My lower limbs barely fill a pair of printed denim that I bought in the later months of my pregnancy. The last time I wore this stitched pair, a squishy lump of skin on both sides of my hip bones spilled out the sides. I was barely able to fasten the C engraved button into the surged loop in the front. More recently, I boldly left the house without a belt resulting in a warm breeze slithering through my crack with any micro movement. The pants, now being held up by a black ribbon, flow loosely to my ankles, flaring over some mint and cream fuzzy dunks that my brother gifted me. The most transformational moment of my life time stamped and ingrained in the fibers of these pants, reminding me of how quickly my body has changed. How quickly it continues to change.

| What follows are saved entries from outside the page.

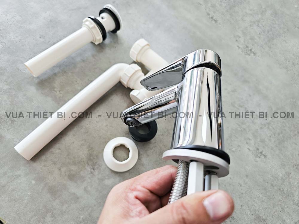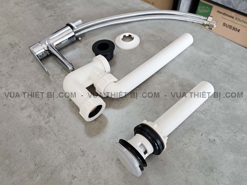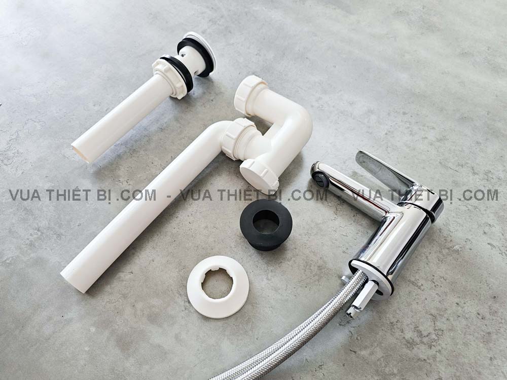 - Bao gồm: thân vòi, ống xả nhấn / ty, siphon chữ P, dây cấp nóng lạnh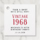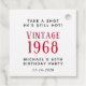 Drôle fête faveur tags pour sa célébration de 60ème anniversaire. Personnalisez "Take a Shot He's Still Hot" et "Vintage" si vous le souhaitez et ajoutez son année de naissance, son nom et la date de fête d'anniversaire.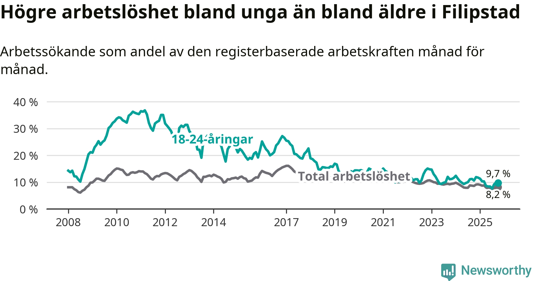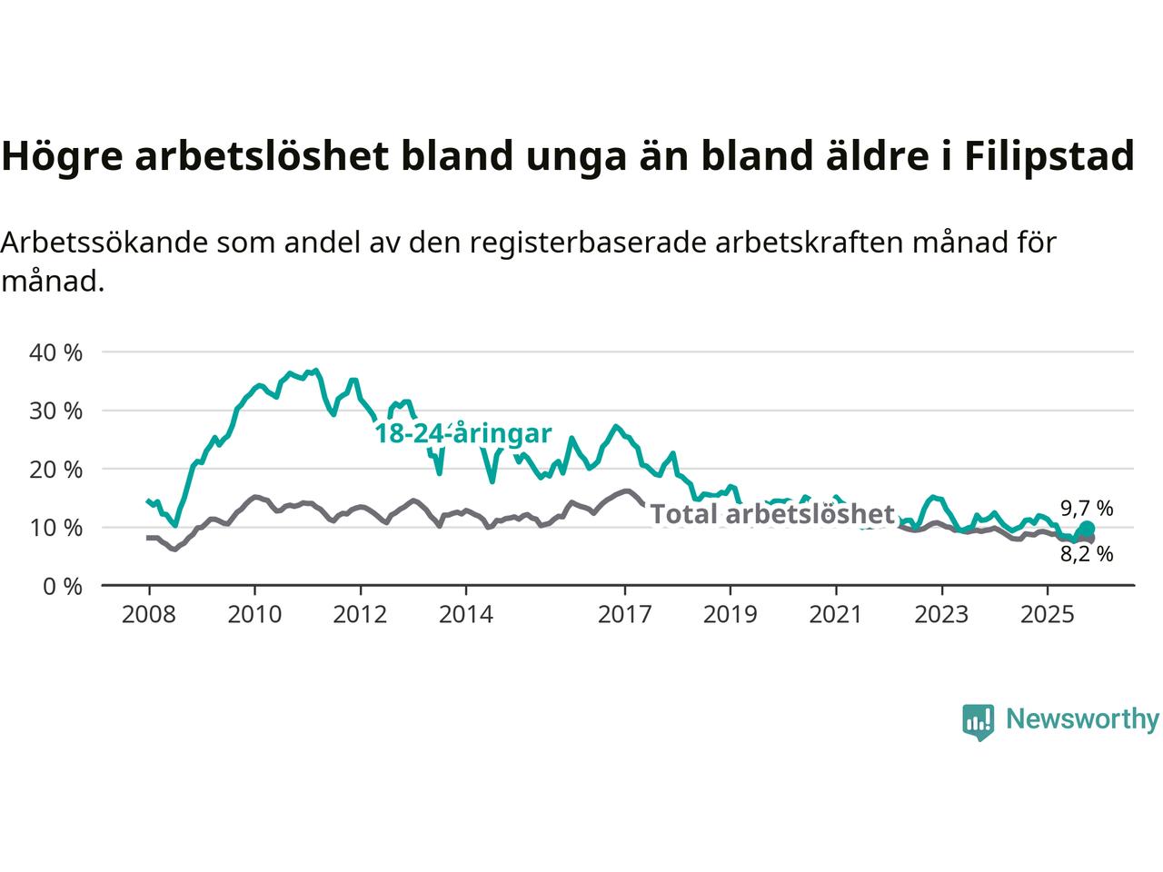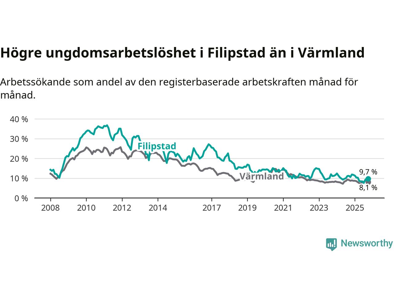 I och med den senaste månadens nedgång har de ungas arbetslöshet i Filipstad sjunkit tio månader i följd (ner från 11,7 procent i december 2024 till 9,7 procent nu).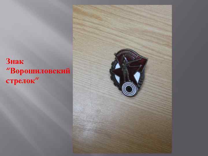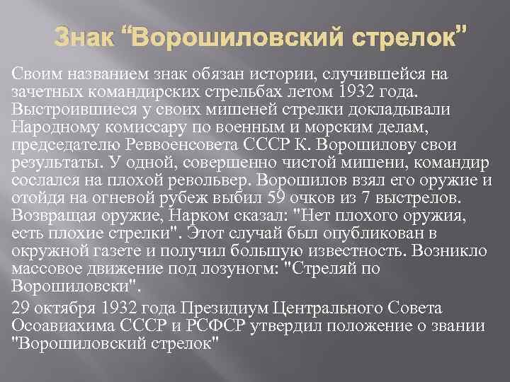 Знак “Ворошиловский стрелок” Своим названием знак обязан истории, случившейся на зачетных командирских стрельбах летом 1932 года. Выстроившиеся у своих мишеней стрелки докладывали Народному комиссару по военным и морским делам, председателю Реввоенсовета СССР К. Ворошилову свои результаты. У одной, совершенно чистой мишени, командир сослался на плохой револьвер. Ворошилов взял его оружие и отойдя на огневой рубеж выбил 59 очков из 7 выстрелов. Возвращая оружие, Нарком сказал: "Нет плохого оружия, есть плохие стрелки". Этот случай был опубликован в окружной газете и получил большую известность. Возникло массовое движение под лозуногм: "Стреляй по Ворошиловски". 29 октября 1932 года Президиум Центрального Совета Осоавиахима СССР и РСФСР утвердил положение о звании "Ворошиловский стрелок"

The revelation of impermanence that gathers itself in the thread of textiles, gracefully weaving through the fabric of life to be realized with grief and joy alike, inspires me to move more fluidly and authentically in my own experience. Acknowledging the fleetness of a single second, a single moment, captured or left to be free. I revel in the water-like movement that is demanded of me in a life blessed with a baby with many water placements, though it can often overwhelm the grounded parts of me, washing my sediments farther than they maybe would’ve gone without this little, but very whole guide.
There are many things I would’ve taken much more time to get around to doing if it weren’t for the shock of reality that comes with shifting of organs and bones, stars and ether, co-creating space for a soul desiring the earthly experience. But, there are no excuses for being the most authentic and unique you. There is only more space to expand into.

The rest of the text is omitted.